Die Beschwerde wird abgewiesen.
2.
Es werden keine Verfahrenskosten erhoben.
3.
Für ihre anwaltlichen Bemühungen wird Rechtsanwältin Monika Paminger
Müller eine Entschädigung von Fr. 1'800. (inkl. MwSt.) ausgerichtet.
4.
Dieses Urteil geht an:
– die Beschwerdeführerin (Gerichtsurkunde)
– die Vorinstanz (gegen Empfangsbestätigung; Akten RefNr. K 405
403 [einschliesslich der Akten des Bezirksgerichts Arbon] retour)

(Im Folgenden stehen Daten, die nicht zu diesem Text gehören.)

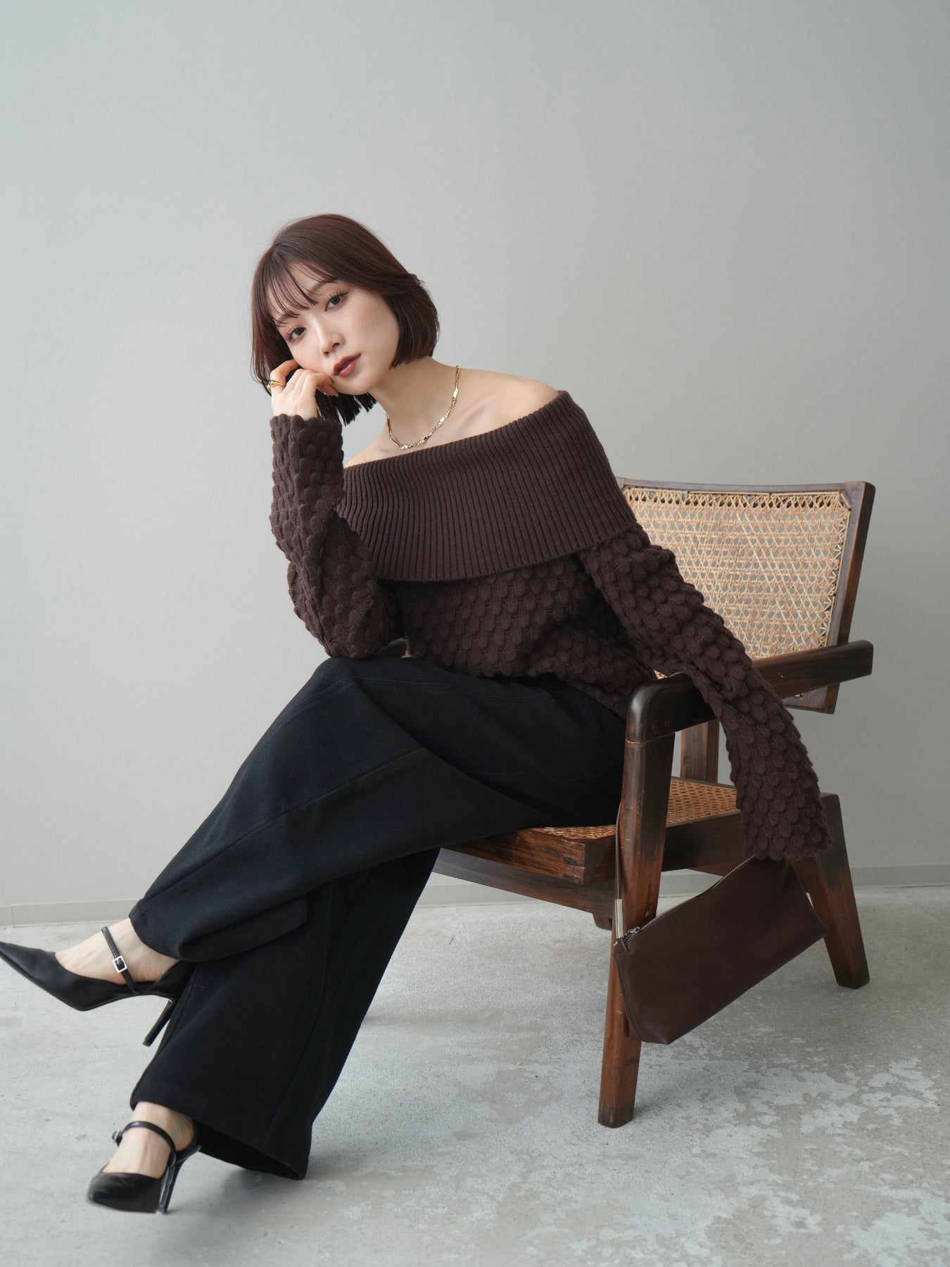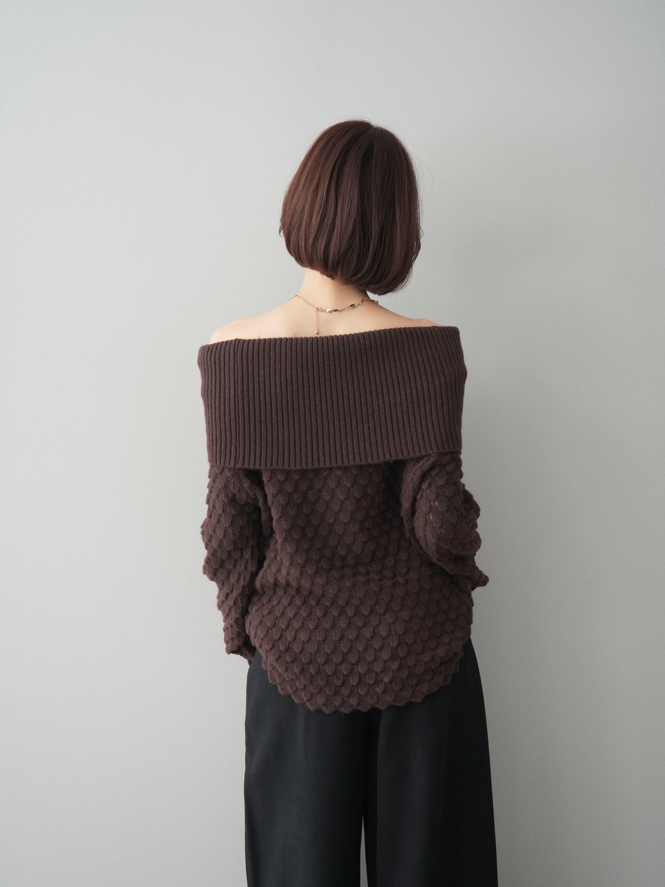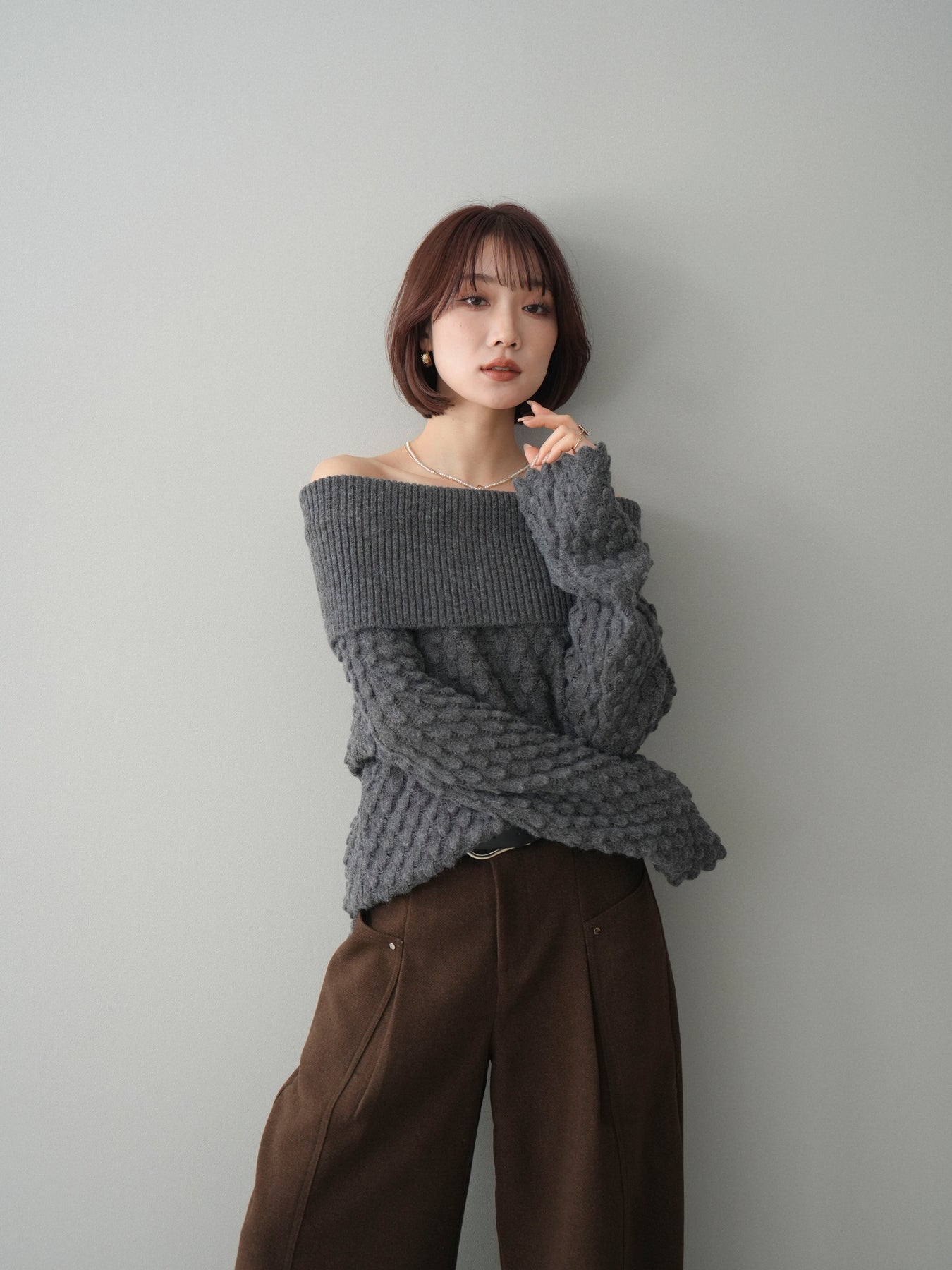 ◆ [予約]ポコポコ編みオフショルニットプルオーバー
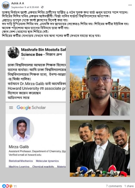 সম্প্রতি, ক্লেইম পোস্টের ক্যাপশন তো এটা না  ‘এই সেই ড. মির্জা গালিব, যিনি ঢাকা বিশ্ববিদ্যালয়ের রসায়ন বিভাগ থেকে ৯৮% নম্বর নিয়ে গ্রাজুয়েশন শেষ করেছিলেন। তবুও ঢাকা বিশ্ববিদ্যালয় তাঁকে শিক্ষক হিসেবে নিয়োগ দেয়নি। তখন তিনি আক্ষেপ করে বলেছিলেন— “ঢাকা বিশ্ববিদ্যালয় আমাকে শিক্ষক হিসেবে নেয়নি, এটা তাদের ব্যর্থতা। আমি ঢাবির চাইতেও বড় বিশ্ববিদ্যালয়ের শিক্ষক হবো।” আজ ড. মির্জা গালিব যুক্তরাষ্ট্রের হার্ভার্ড বিশ্ববিদ্যালয়ের রসায়ন বিভাগে সহকারী অধ্যাপক হিসেবে নিয়োগপ্রাপ্ত হয়ে বাংলাদেশের মুখ উজ্জ্বল করেছেন।’ শীর্ষক একটি তথ্য সামাজিক যোগাযোগমাধ্যমে ছড়িয়ে পড়েছে।
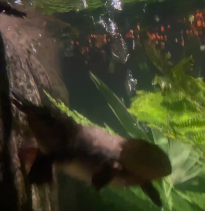 At the zoo, I saw a platypus! This animal is found in Australia. It was swimming in its exhibit, looking for food.
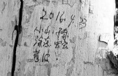 ▲枯死的树上还留有游客写的字

– das Amt für Handelsregister und Zivilstandswesen des Kantons
Thurgau (in Kopie)
Der vorsitzende Richter: Der Gerichtsschreiber:
Antonio Imoberdorf Daniel Grimm
Rechtsmittelbelehrung:
Gegen diesen Entscheid kann innert 30 Tagen nach Eröffnung beim
Bundesgericht, 1000 Lausanne 14, Beschwerde in öffentlichrechtlichen
Angelegenheiten geführt werden (Art. 82 ff., 90 ff. und 100 des
Bundesgerichtsgesetzes vom 17. Juni 2005 [BGG, SR 173.110]). Die
Rechtsschrift ist in einer Amtssprache abzufassen und hat die Begehren,
deren Begründung mit Angabe der Beweismittel und die Unterschrift zu
enthalten. Der angefochtene Entscheid und die Beweismittel sind, soweit
sie der Beschwerdeführer in Händen hat, beizulegen (Art. 42 BGG).